**ASSIGNMENT**
Only the lines below between the one holding "BoardInsideActivity에서는 방금 넘겨준 데이터를 받아온다" and the one holding "389432/A. Very Good.", inclusive, are to be reproduced word for word; the pictures are to be left out.

**DATASET**
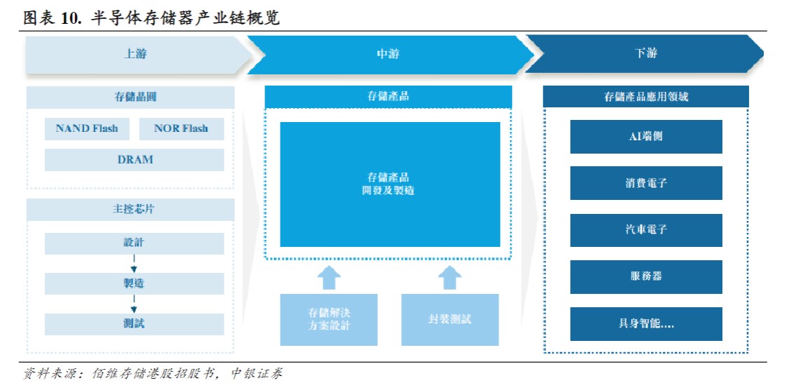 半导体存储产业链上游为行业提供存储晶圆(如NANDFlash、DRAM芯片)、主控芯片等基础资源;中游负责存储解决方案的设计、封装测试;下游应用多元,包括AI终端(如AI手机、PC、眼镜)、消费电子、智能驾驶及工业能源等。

---

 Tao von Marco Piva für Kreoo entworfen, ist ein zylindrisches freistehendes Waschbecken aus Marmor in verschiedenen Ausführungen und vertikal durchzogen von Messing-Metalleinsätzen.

==

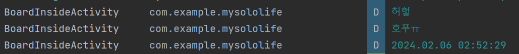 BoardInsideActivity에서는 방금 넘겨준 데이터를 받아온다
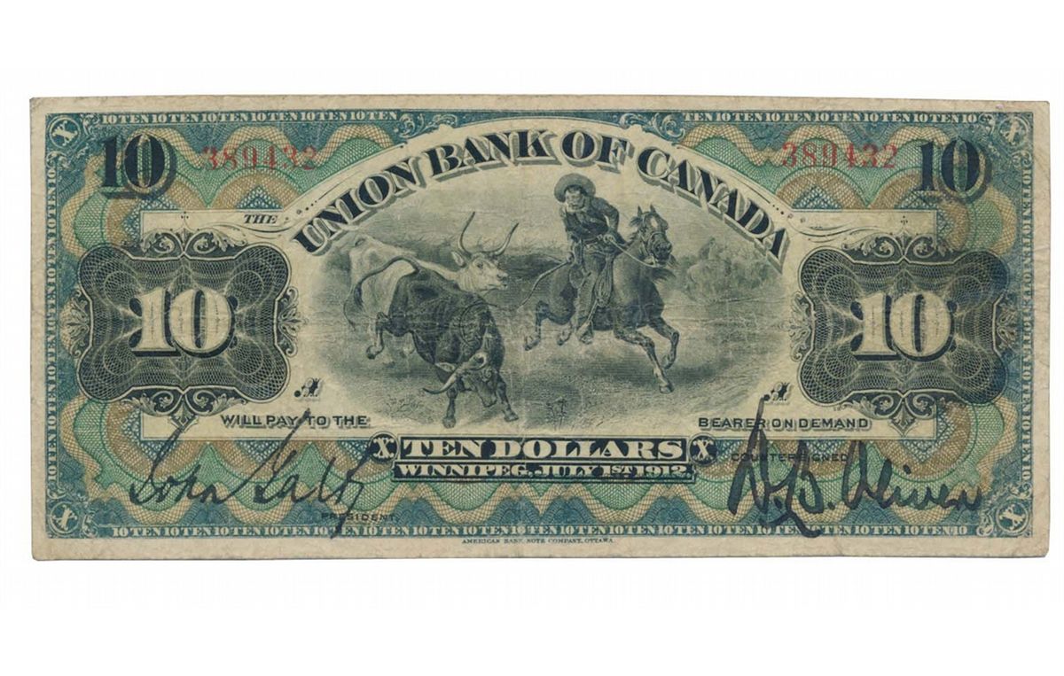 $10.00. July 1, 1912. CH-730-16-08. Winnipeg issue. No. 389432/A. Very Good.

**RESPONSE AREA**
 BoardInsideActivity에서는 방금 넘겨준 데이터를 받아온다
 $10.00. July 1, 1912. CH-730-16-08. Winnipeg issue. No. 389432/A. Very Good.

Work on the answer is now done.